**Input data**
┄┄┄┄┄┄┄┄┄┄
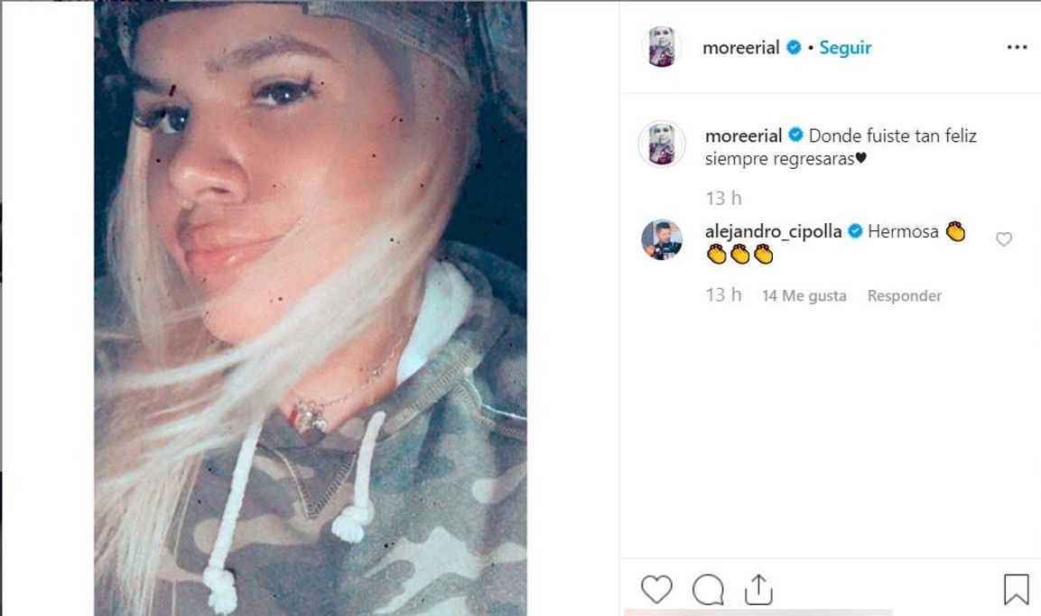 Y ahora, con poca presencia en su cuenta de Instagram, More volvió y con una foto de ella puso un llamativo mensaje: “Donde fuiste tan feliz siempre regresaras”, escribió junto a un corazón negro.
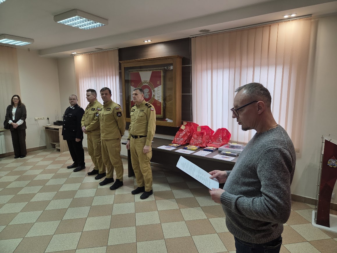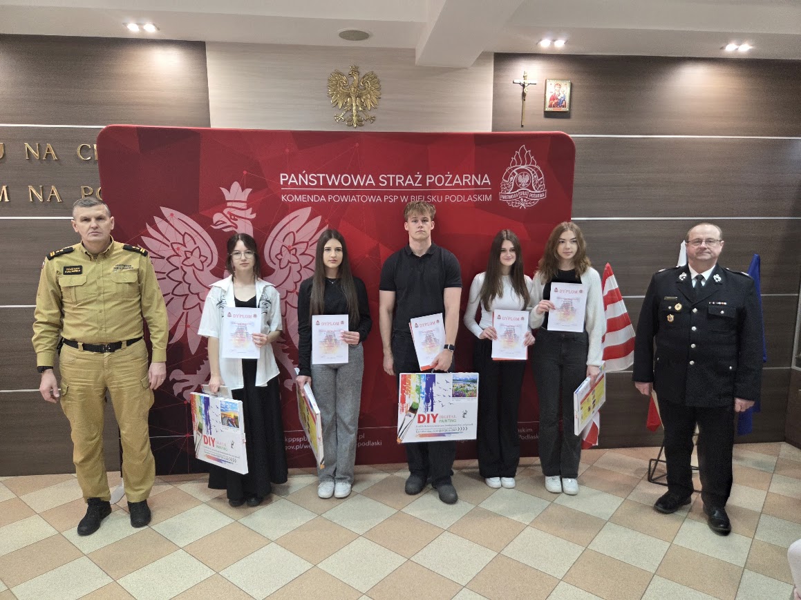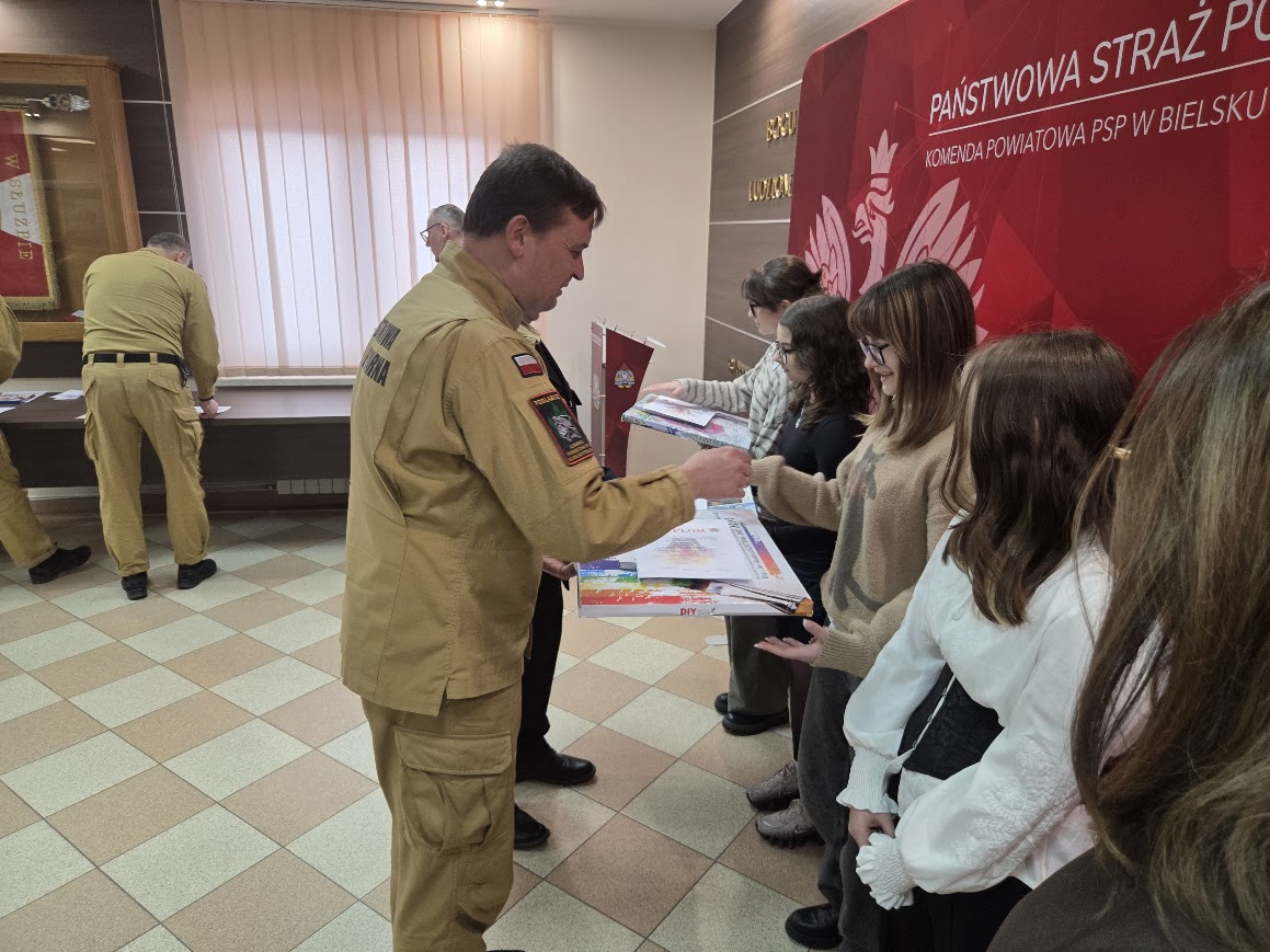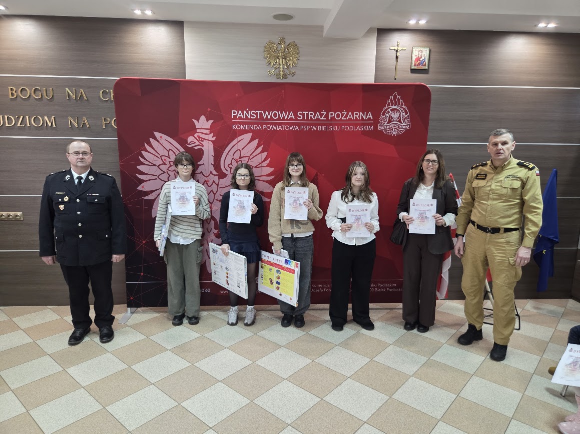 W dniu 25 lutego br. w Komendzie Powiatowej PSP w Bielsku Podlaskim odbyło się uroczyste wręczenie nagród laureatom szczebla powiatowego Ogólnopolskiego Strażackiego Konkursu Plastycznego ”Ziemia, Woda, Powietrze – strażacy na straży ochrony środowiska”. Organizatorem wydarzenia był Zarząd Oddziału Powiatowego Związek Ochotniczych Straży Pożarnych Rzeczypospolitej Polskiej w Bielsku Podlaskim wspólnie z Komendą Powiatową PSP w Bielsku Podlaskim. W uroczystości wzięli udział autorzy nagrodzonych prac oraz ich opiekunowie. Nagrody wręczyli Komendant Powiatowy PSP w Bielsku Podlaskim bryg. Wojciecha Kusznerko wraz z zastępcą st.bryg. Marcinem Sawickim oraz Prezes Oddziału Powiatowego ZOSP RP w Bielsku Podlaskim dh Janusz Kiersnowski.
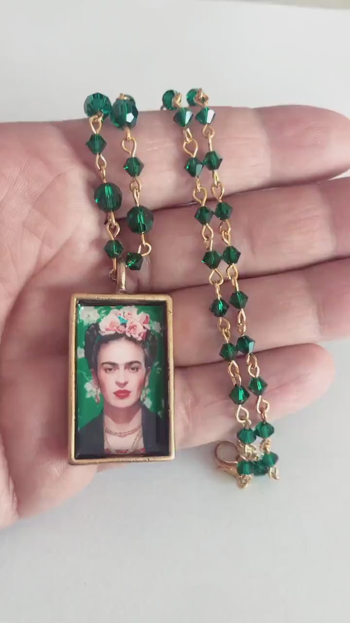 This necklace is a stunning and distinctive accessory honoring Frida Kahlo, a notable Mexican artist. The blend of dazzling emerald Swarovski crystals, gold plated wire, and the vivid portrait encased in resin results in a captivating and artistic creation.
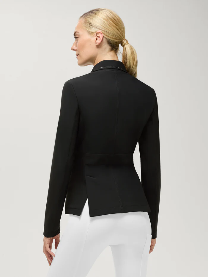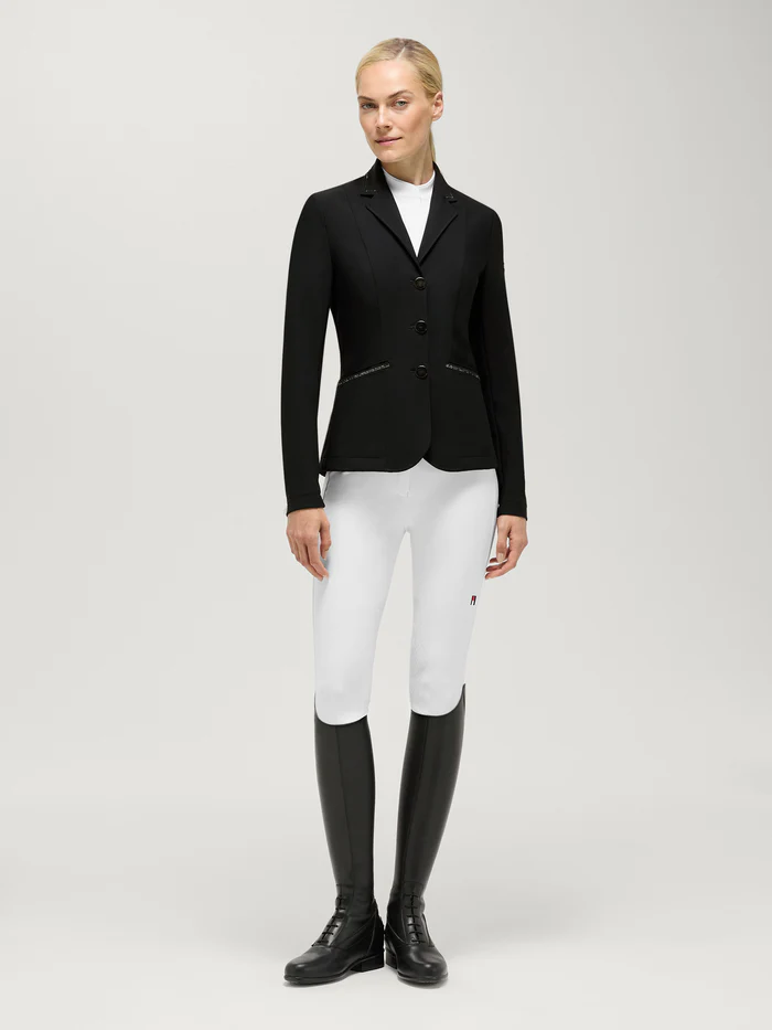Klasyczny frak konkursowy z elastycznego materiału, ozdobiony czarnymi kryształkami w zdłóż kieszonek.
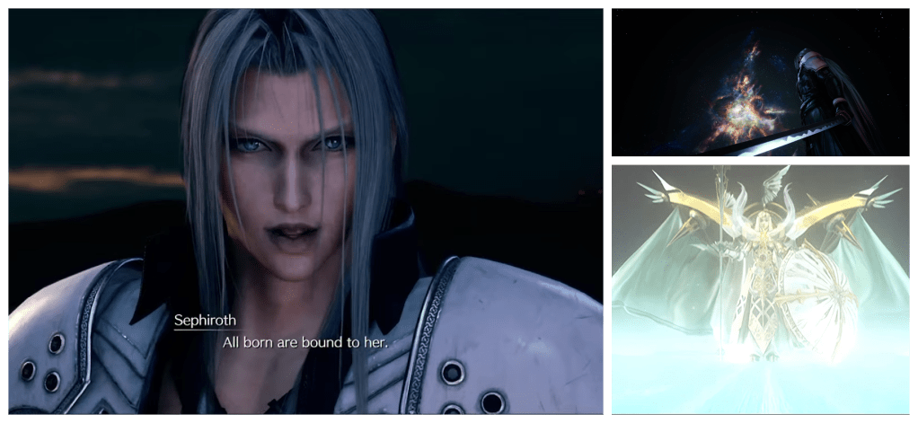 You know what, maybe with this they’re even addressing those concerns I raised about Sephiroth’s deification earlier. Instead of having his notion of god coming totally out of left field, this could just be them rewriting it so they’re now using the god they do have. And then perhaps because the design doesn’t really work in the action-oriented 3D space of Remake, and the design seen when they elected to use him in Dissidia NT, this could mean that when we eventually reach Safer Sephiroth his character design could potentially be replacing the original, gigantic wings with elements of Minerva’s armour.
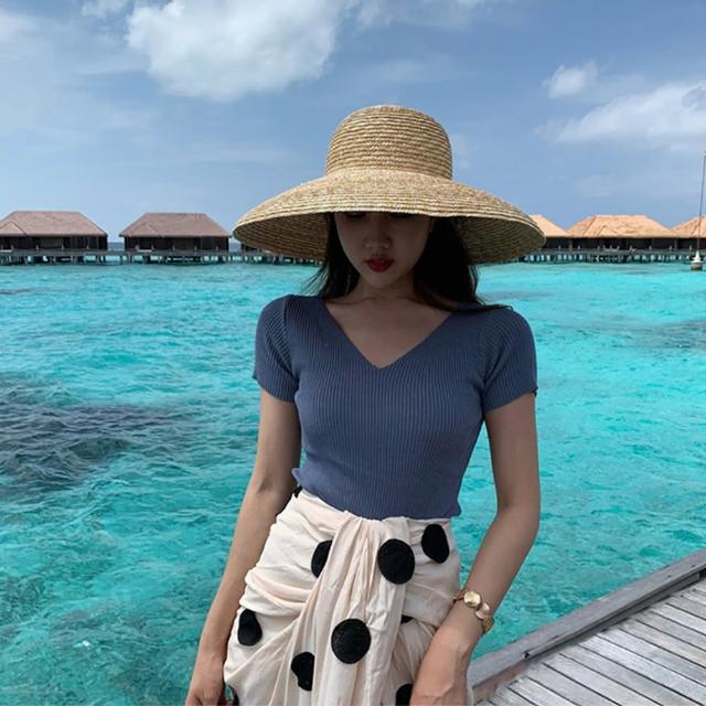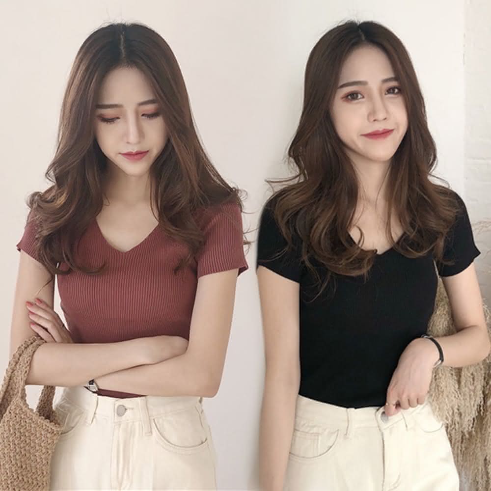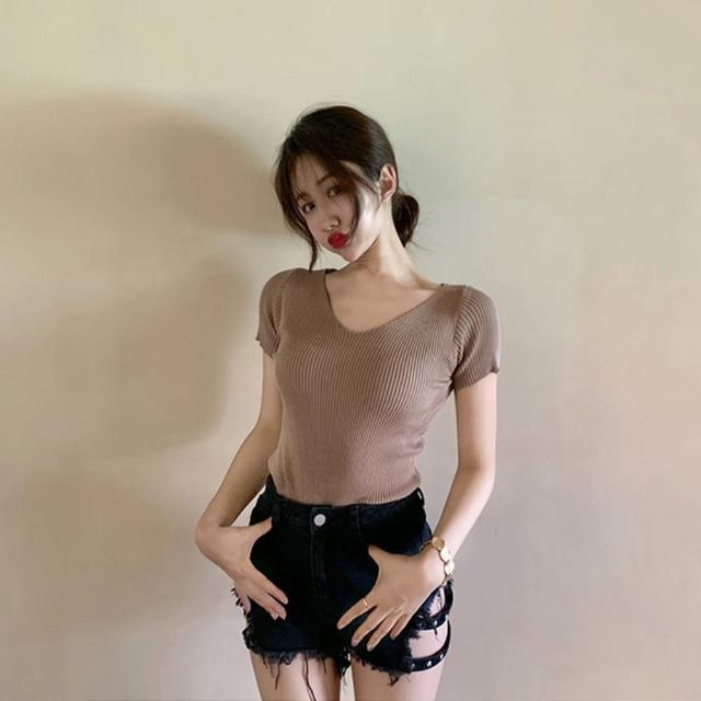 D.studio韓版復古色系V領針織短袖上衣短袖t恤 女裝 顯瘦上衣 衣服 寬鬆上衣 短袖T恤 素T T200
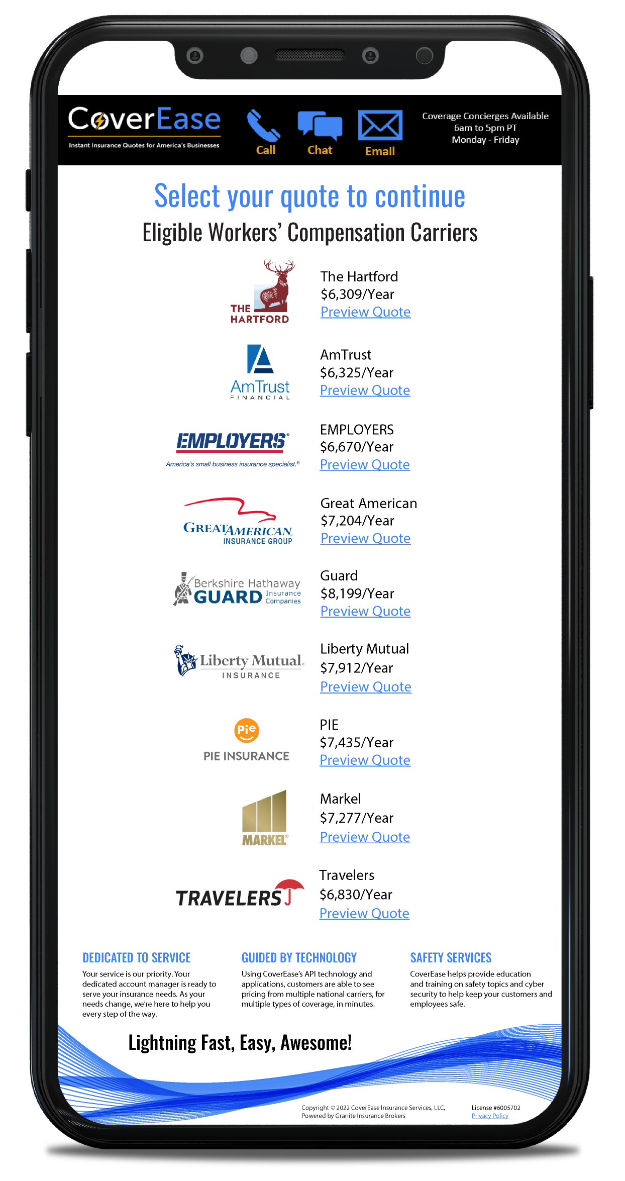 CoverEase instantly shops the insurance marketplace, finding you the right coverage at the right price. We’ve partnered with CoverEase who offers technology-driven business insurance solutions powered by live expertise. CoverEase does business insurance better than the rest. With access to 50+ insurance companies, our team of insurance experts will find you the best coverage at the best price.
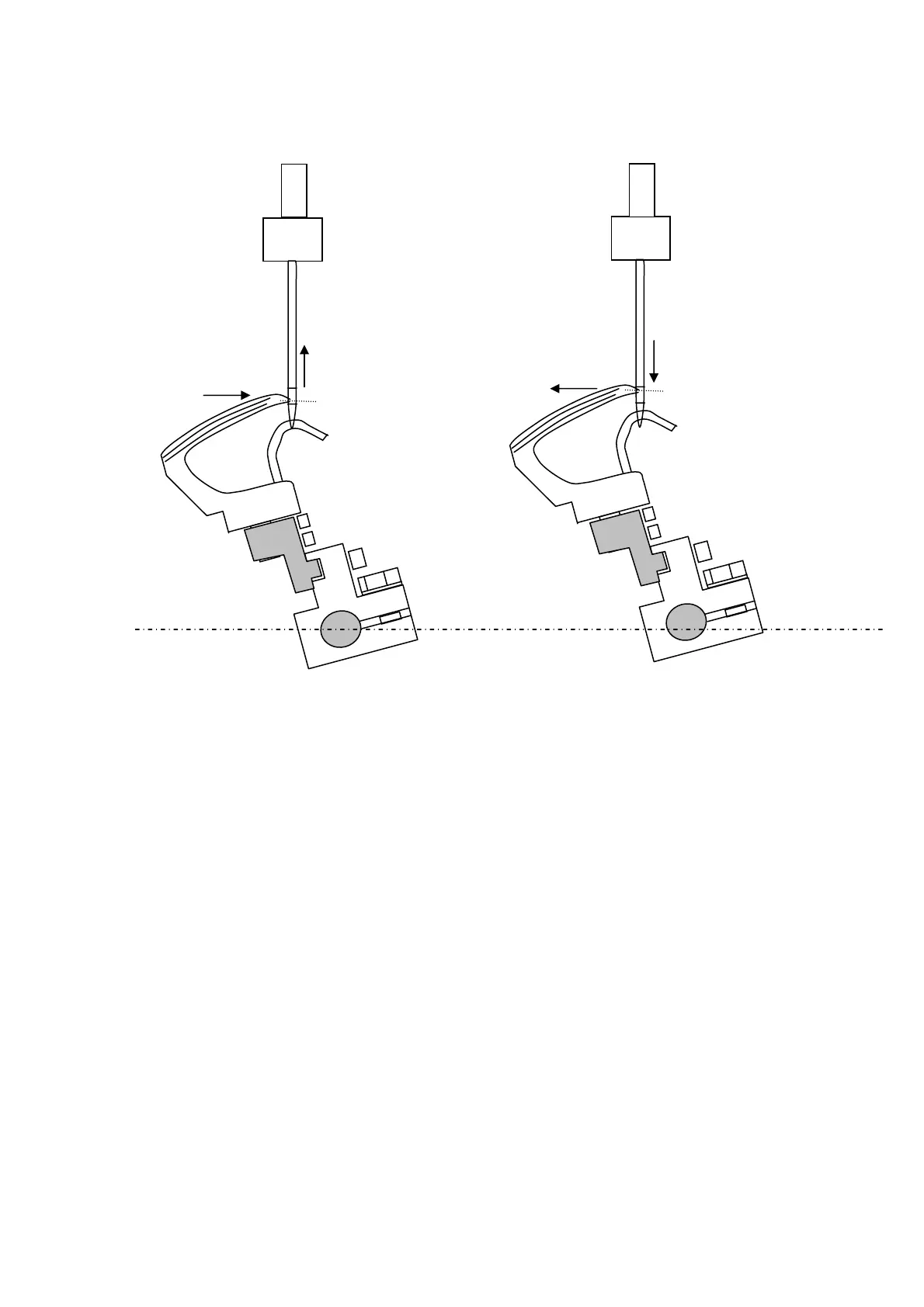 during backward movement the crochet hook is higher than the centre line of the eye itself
┄┄┄┄┄┄┄┄┄┄
**Exercise goal**
Without the pictures, give all of the entries above again exactly.

**Response**
 Y ahora, con poca presencia en su cuenta de Instagram, More volvió y con una foto de ella puso un llamativo mensaje: “Donde fuiste tan feliz siempre regresaras”, escribió junto a un corazón negro.
 W dniu 25 lutego br. w Komendzie Powiatowej PSP w Bielsku Podlaskim odbyło się uroczyste wręczenie nagród laureatom szczebla powiatowego Ogólnopolskiego Strażackiego Konkursu Plastycznego ”Ziemia, Woda, Powietrze – strażacy na straży ochrony środowiska”. Organizatorem wydarzenia był Zarząd Oddziału Powiatowego Związek Ochotniczych Straży Pożarnych Rzeczypospolitej Polskiej w Bielsku Podlaskim wspólnie z Komendą Powiatową PSP w Bielsku Podlaskim. W uroczystości wzięli udział autorzy nagrodzonych prac oraz ich opiekunowie. Nagrody wręczyli Komendant Powiatowy PSP w Bielsku Podlaskim bryg. Wojciecha Kusznerko wraz z zastępcą st.bryg. Marcinem Sawickim oraz Prezes Oddziału Powiatowego ZOSP RP w Bielsku Podlaskim dh Janusz Kiersnowski.
 This necklace is a stunning and distinctive accessory honoring Frida Kahlo, a notable Mexican artist. The blend of dazzling emerald Swarovski crystals, gold plated wire, and the vivid portrait encased in resin results in a captivating and artistic creation.
Klasyczny frak konkursowy z elastycznego materiału, ozdobiony czarnymi kryształkami w zdłóż kieszonek.
 You know what, maybe with this they’re even addressing those concerns I raised about Sephiroth’s deification earlier. Instead of having his notion of god coming totally out of left field, this could just be them rewriting it so they’re now using the god they do have. And then perhaps because the design doesn’t really work in the action-oriented 3D space of Remake, and the design seen when they elected to use him in Dissidia NT, this could mean that when we eventually reach Safer Sephiroth his character design could potentially be replacing the original, gigantic wings with elements of Minerva’s armour.
 D.studio韓版復古色系V領針織短袖上衣短袖t恤 女裝 顯瘦上衣 衣服 寬鬆上衣 短袖T恤 素T T200
 CoverEase instantly shops the insurance marketplace, finding you the right coverage at the right price. We’ve partnered with CoverEase who offers technology-driven business insurance solutions powered by live expertise. CoverEase does business insurance better than the rest. With access to 50+ insurance companies, our team of insurance experts will find you the best coverage at the best price.
 during backward movement the crochet hook is higher than the centre line of the eye itself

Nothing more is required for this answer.